Unlike P. falciparum, P. vivax rarely causes severe disease in healthy travelers and is a less deadly parasite.21 Factors that may contribute to the lower virulence are that P. vivax only infects reticulocytes and the absence of the cytoadhesion protein family responsible for sequestration in P. falciparum infections.21,22 These differences limit the blood-stage parasite burden and spectrum of cytoadhesion-based complications. Another distinction is that P. vivax has dormant liver hypnozoite stages, which can reactivate and lead to blood-stage relapses. Relapses contribute to vivax morbidity, but the mechanisms leading to severe vivax disease remain to be elucidated. This review covers recent findings on the pathological pathways in pediatric and adult CM, as well as severe malaria cases in low-transmission settings in South America and India because of P. vivax infections, highlighting progress and outstanding questions in severe malaria pathophysiology in the context of the pathogenesis research activities within the International Centers of Excellence for Malaria Research (ICEMR) program.

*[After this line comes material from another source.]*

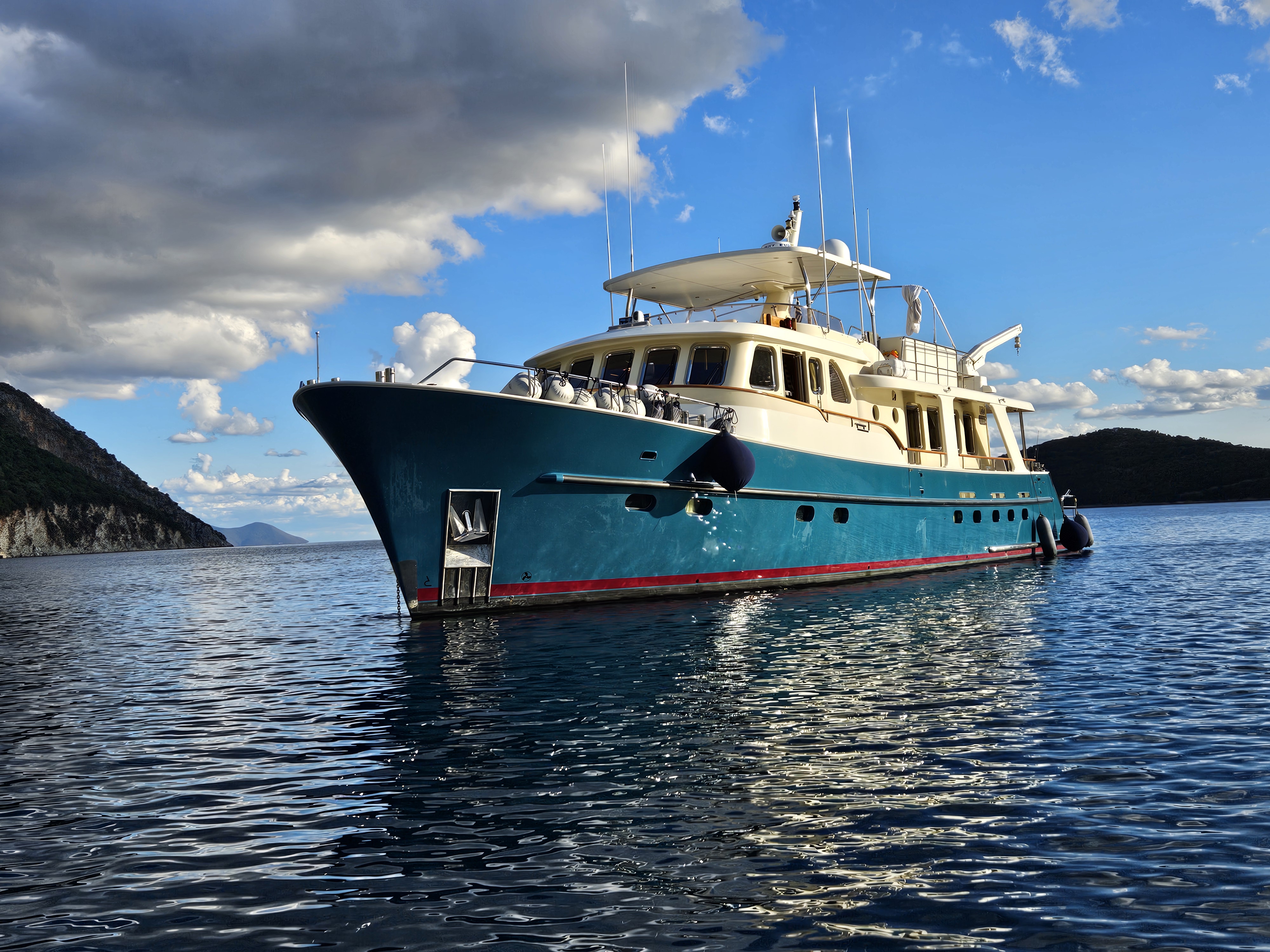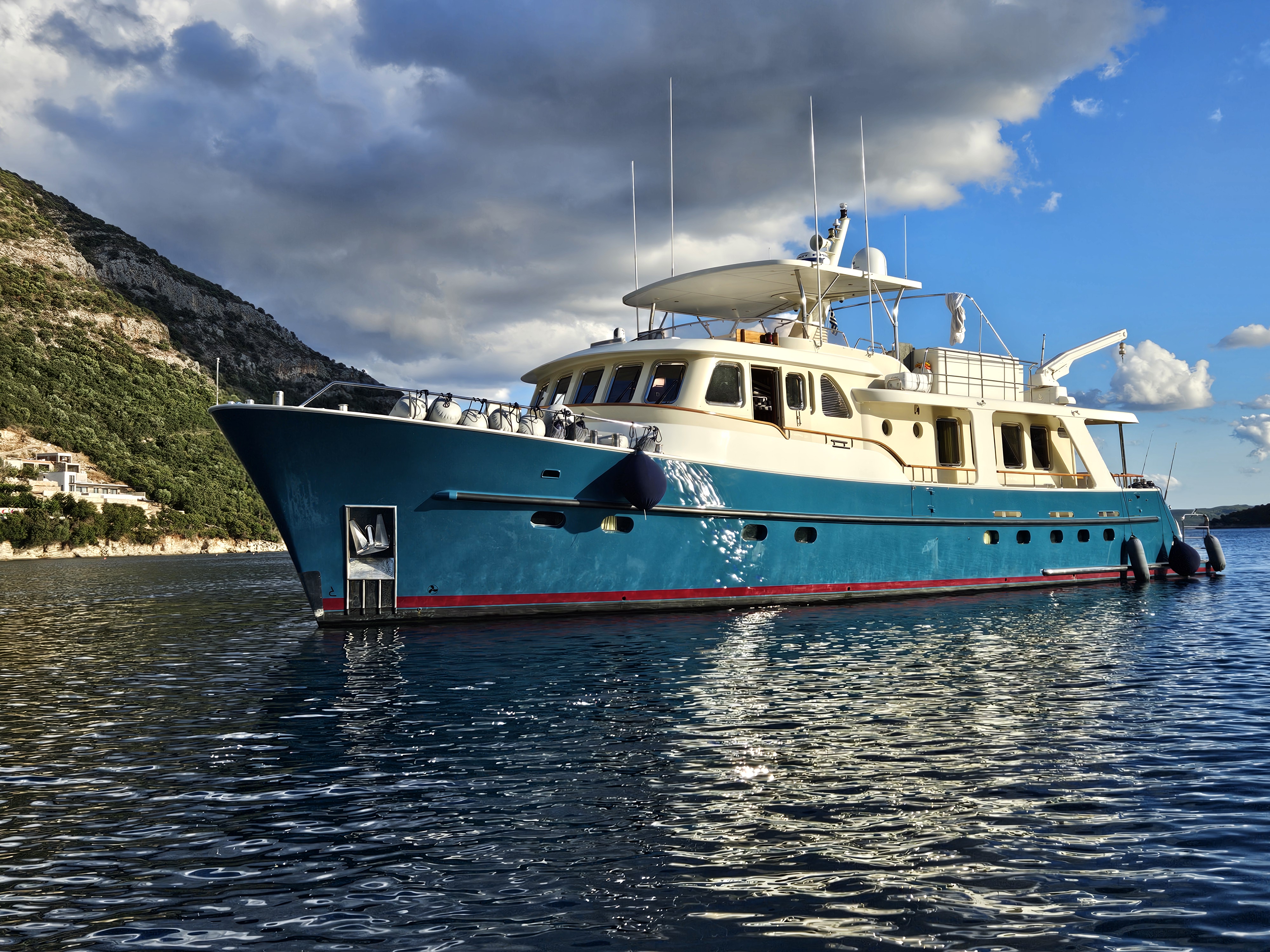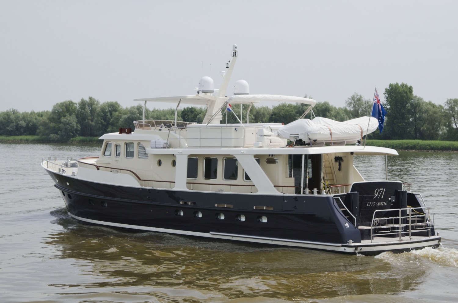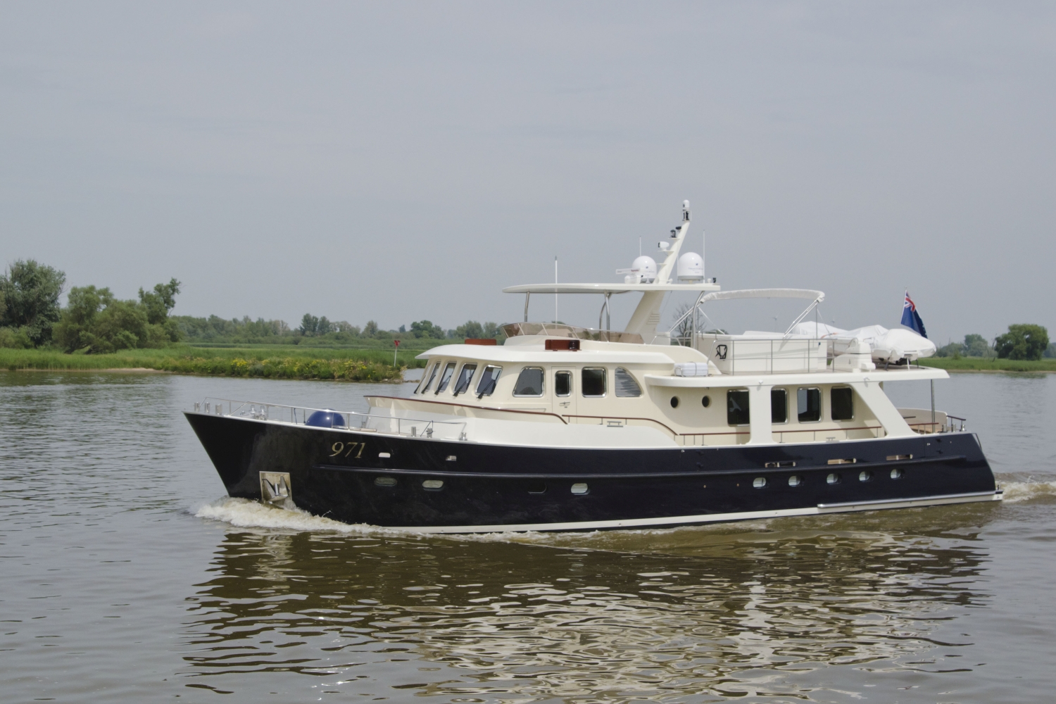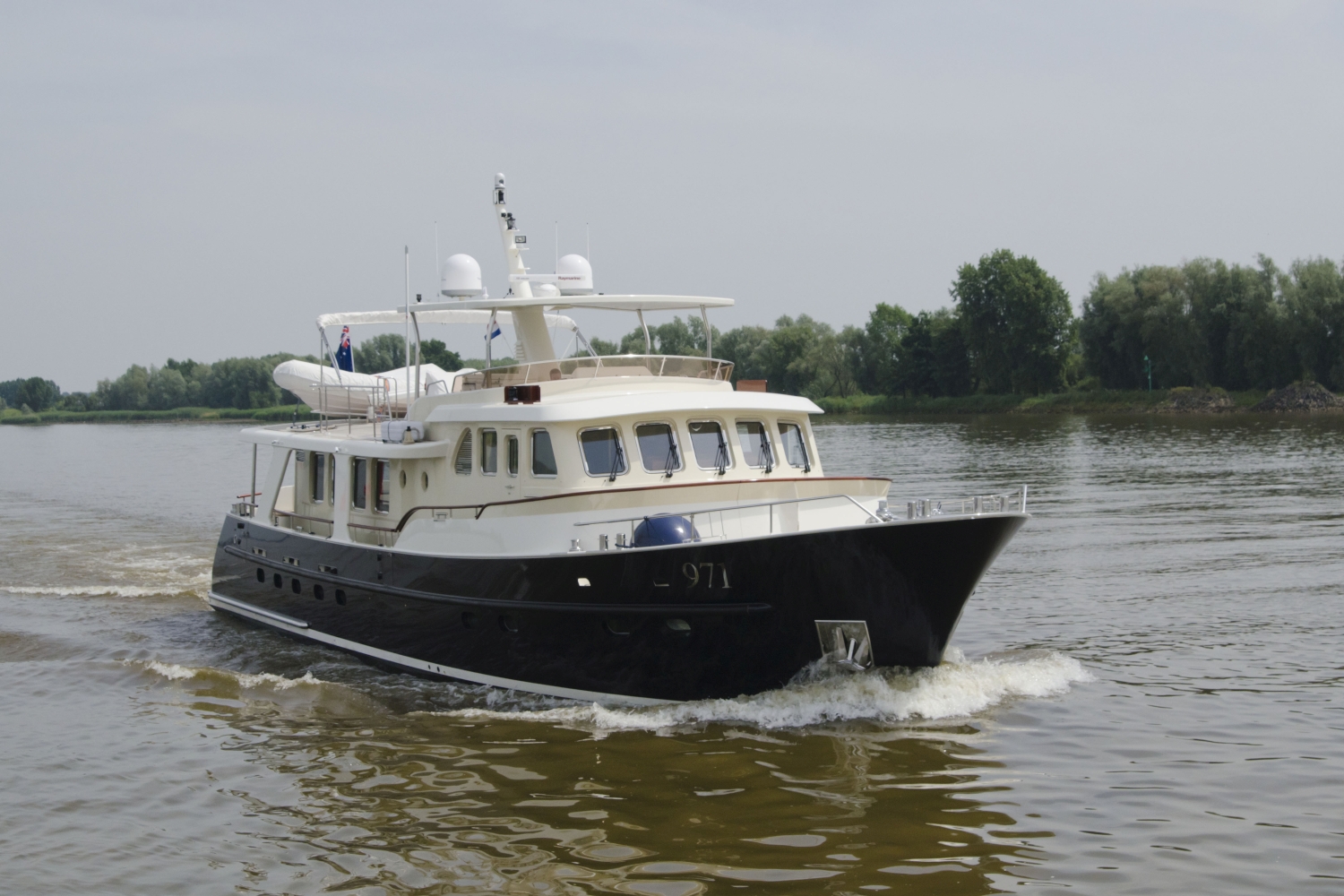 The DELFINO 70 Alm trawler with euro transom is the flagship of Alm Yacht Builders. Many are fascinated by the harmony exuded by the exterior and interior finish.

Severe Falciparum Malaria in Children and Adults
The clinical presentations of severe falciparum malaria differ between children and adults.5 In particular, adults have a higher mortality rate and more multiorgan system involvement than children. A recent large multicenter comparison of artesunate versus quinine in the treatment of severe malaria in adults and children reported adult and pediatric mortality rates of 18.5%23 and 9.7%, respectively.24 The major organs affected in adult severe malaria are brain (CM), lungs (acute respiratory distress syndrome [ARDS]), liver (jaundice), and kidneys (acute renal failure) (Figure 1). Although the overall mortality of adult CM is about 15–20%, the risk of death depends on associated vital organ dysfunction and is increased 3-fold in the presence of acidosis and renal failure.25 In children, the three major disease complications are CM, severe anemia, and acidosis, but ARDS and renal failure are rare (Figure 1).26 Although the three disease syndromes can occur singly or as overlapping syndromes, severe malaria anemia commonly affects younger children, and CM and metabolic acidosis are more commonly found in slightly older children.27 CM and metabolic acidosis are each associated with high mortality rates in children (12% and 14%, respectively), and the presence of both increases the risk of death.28 The severity of disease may be exacerbated by both higher parasite burdens and the tissue-specific patterns of IE sequestration. Thus, there is significant research effort to understand factors that contribute to parasite blood-stage multiplication potential and cerebral homing of IEs.